Number of samples: 31. Each value associated with a pixel is divided by the
number of samples. Each value of 0 leads to full transparency, otherwise the
minimum visibility of the waveform would be made to nonsense.
  • There are these concepts:
  • Value associated with a pixel: This value is a sample count that is later divided by the number of samples of the pixel column to get the intensity factor of a pixel.
  • Maximum value: When the intensity value for a pixel is calculated, experience shows that this results in the darkest value being gray. This is because of the alternating character of audio waves. The value--which has a maximum possible value of 1.0--has to be stretched according to a maximum value. Example: With a maximum value of 0.5 a value of 0.4 becomes 0.8. The attached images apply a maximum value of 0.5. See also the image "Electric guitar, 1000 samples per pixel column, without applying maximum value".
  • Minimum visibility/opacity/intensity: If you would have a minimum visibility of 0 %, the waveform would ease out into the background without giving information about the peak. So there has to be a minimum opacity over the background to be able to see peaks. The attached images apply a minimum intensity of 0.15, if not stated otherwise. See also the images "Electric guitar, 1000 samples per pixel column, minimum visibility of 0.0" and similar.
How to describe a user not reading a technical specification what the waveform view shows? I only can try: Imagine a sine wave. The positive and negative parts be termed "filled". The darker a pixel the more the wave is filled on that spot and above. Why also above? This is because a lower part of a wave can be viewed as the base of a higher part (thus the darker representation on lower parts) and experience shows that there is no useful waveform resulting if you consider the spot alone (see attached image "Electric guitar, 1000 samples per pixel column, pixels without higher peaks").

Conclusions:
  • Most peak pixels are light gray. If someone has a mathematical/algorithmical alternative, let me know. For most waveforms shown there isn't anything dissatisfying to me regarding this matter. Personally I can easily think of it as related to the data since high peaks are not present the most in most files.
    • See this image to prove that the data is correctly represented: "1000 Hz sine wave with 1000 Hz square wave, 500 samples per pixel column".
    • See this image to prove that higher peaks should be counted to lower peaks (the image doesn't do this): "Electric guitar, 1000 samples per pixel column, pixels without higher peaks".
  • You might see the DC offset of a subrange better. See image "Female voice singing, 200 samples per pixel column".
  • Dark pixels might reach a peak pixel. See this image for an explanation of this: "Subwaves on high peaks of low waves". The flute waveform shows the difference. Dark parts are high and shrill. Parts with a little amount of dark are low.
  • Please view waveforms in Audacity to see the same effect if you ask yourself about the alternating character of waveforms like: "Male speech, 200 samples per pixel column".
  • As to my experience the current logarithmical waveform view removes too much shape information to still provide proper orientation hints.

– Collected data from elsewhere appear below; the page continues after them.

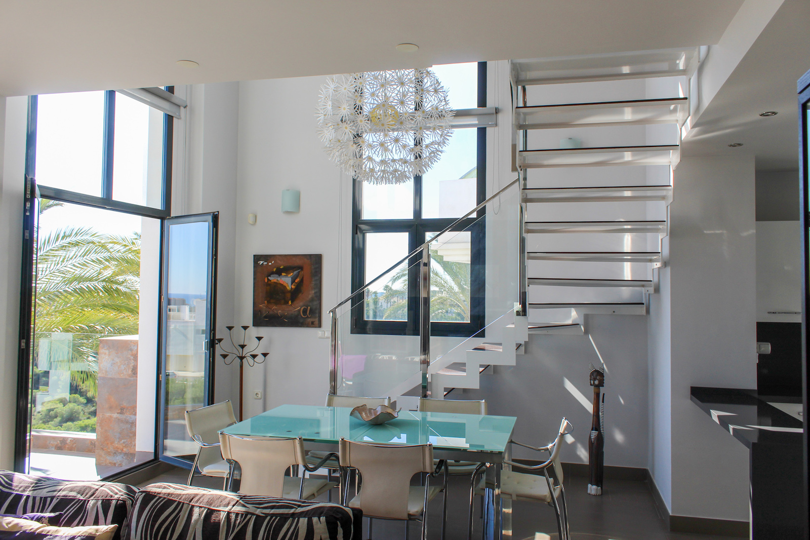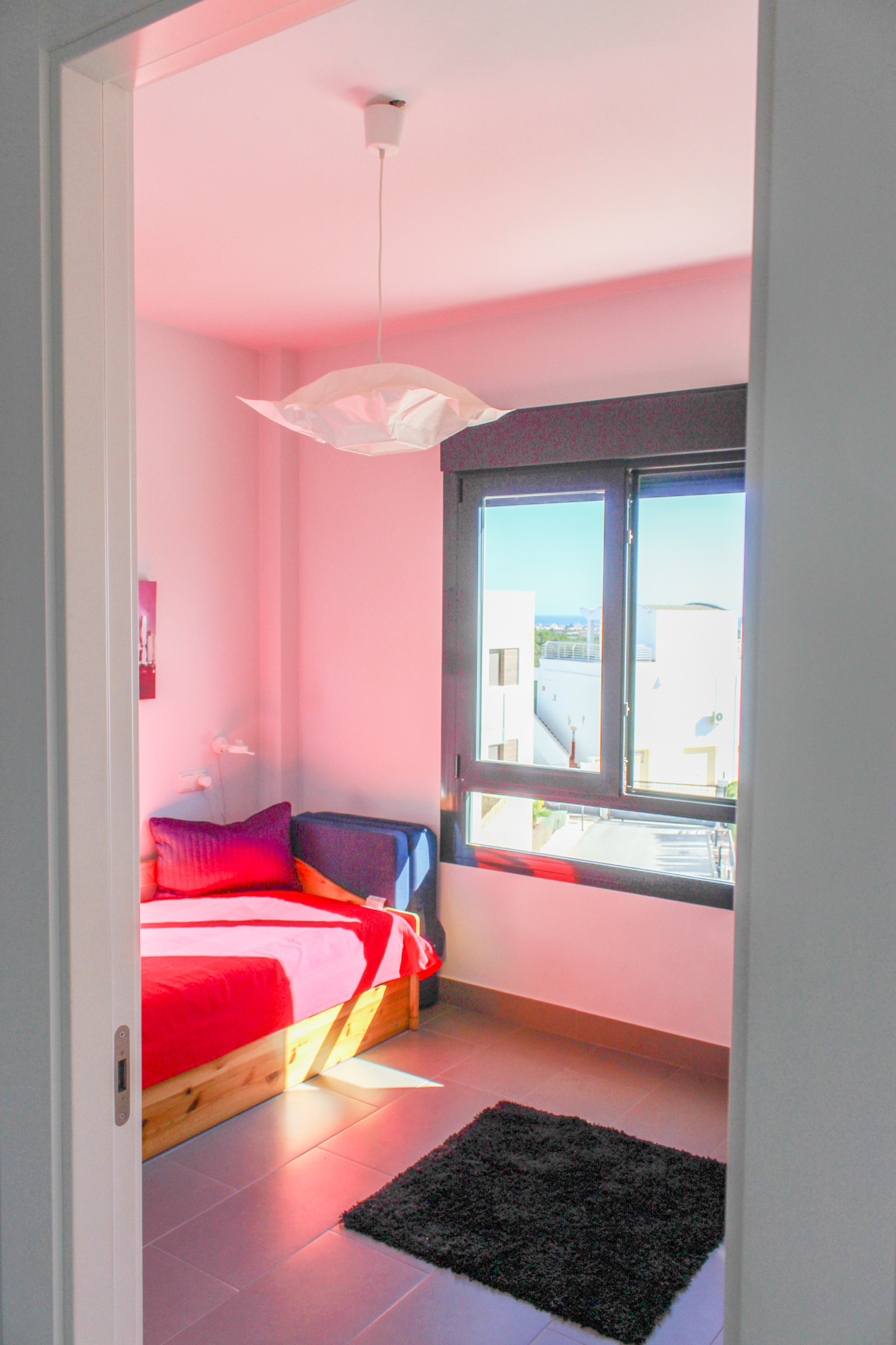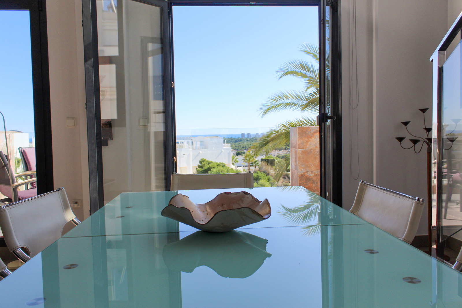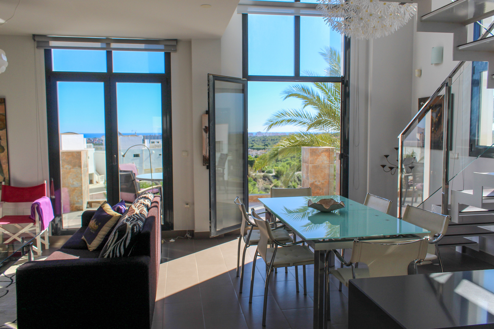 The home is located on the first floor and when you come up the stairs, there is a large landing which is used for storage of, for example, golf bags and entrance, where jackets and footwear are placed before entering the home. On the ground floor of the home, you have a large, bright kitchen/living room with a modern kitchen, dining room and living room. In this room, as previously mentioned, there is a fantastic amount of light, as well as a ceiling height that gives a fantastic feeling of space. From the kitchen / family room there is access to a 12 m2 large south-facing terrace from which you can enjoy the view of the pool area, the golf course, the Mediterranean Sea, and the beautiful lights down on the coast in the evening. In addition to the kitchen/living room, there are 2 good bedrooms with fitted wardrobes and a bathroom.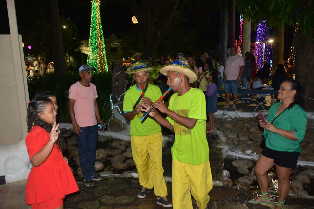 Já na praça Tancredo Neves, a animação ficou por conta do Terno de Reis Estrela Guia, que veio do Loteamento Jardim Sudoeste com um repertório tocado há mais de 40 anos pelos pais de Marcos Florentino, um dos lideres do grupo. “Eu aprendi com meu pai, que aprendeu com meu avô e agora estou ensinando minha filha”,disse Marcos ao lado de sua filha Suelem Oliveira, de 14 anos. “Para mim é uma emoção poder tocar ao lado de meu pai e continuar com a nossa tradição”, declarou Suelem.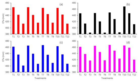 Actual evapotranspiration (ETa) of winter wheat in the seasons: (a) 2014–2015, (b) 2015–2016, (c) 2016–2017, and (d) 2017–2018. T1, T2, and T3 were If, I0.8f, and I0.6f, respectively (N120); T4, T5, and T6 were If, I0.8f, and I0.6f, respectively (N160); T7, T8, and T9 were If, I0.8f, and I0.6f, respectively (N200); and T10, T11, and T12 were If, I0.8f, and I0.6f, respectively (N240).

Otherwise I would use it more often. I tried to show a logarithmical scaling of the samples, but it doesn't look like Audacity's shape. I'm unsure whether I'm doing it correctly since I'm just handling insentity values in the range from 0.0 to 1.0. This is the formula (C#):
    • sample = Math.Log(1 + Math.Abs(sample) * (logarithmBase/*10*/ - 1), logarithmBase) * Math.Sign(sample);
  • When having a nearly unrecognizable waveform of a song amplified to the maximum you might be better able to see the beats. See the image: "Trance music with strong rhythm, 500 samples per pixel column".
  • You are better able to identify areas of a song with alternating loud and silent parts. See image: "Orchestral music with strings, 5000 samples per pixel column".
The attached images (see ZIP file) were created with a demo converter program I wrote to be able to see the effects of the waveform-drawing algorithm. You should view the images pixelated when you zoom. All underlying sound files have a sample rate of 44100 Hz. All generated waveform images are 500 px wide, so an image with 500 samples per pixel column has a duration of 5.7 seconds.

Note: There has been some discussion before about this topic, but mixed with other topics and not as thoroughly described as here. You can find the old discussion here if, e.g., you want to learn more about the future of the zoomed-in waveform view.

Please share your opinion with some details in case it's not already been said. Please share also the technical insight you might have that would improve the concept, if you're as well interested in Audacity having this feature.

See also my second post as an addition to this one.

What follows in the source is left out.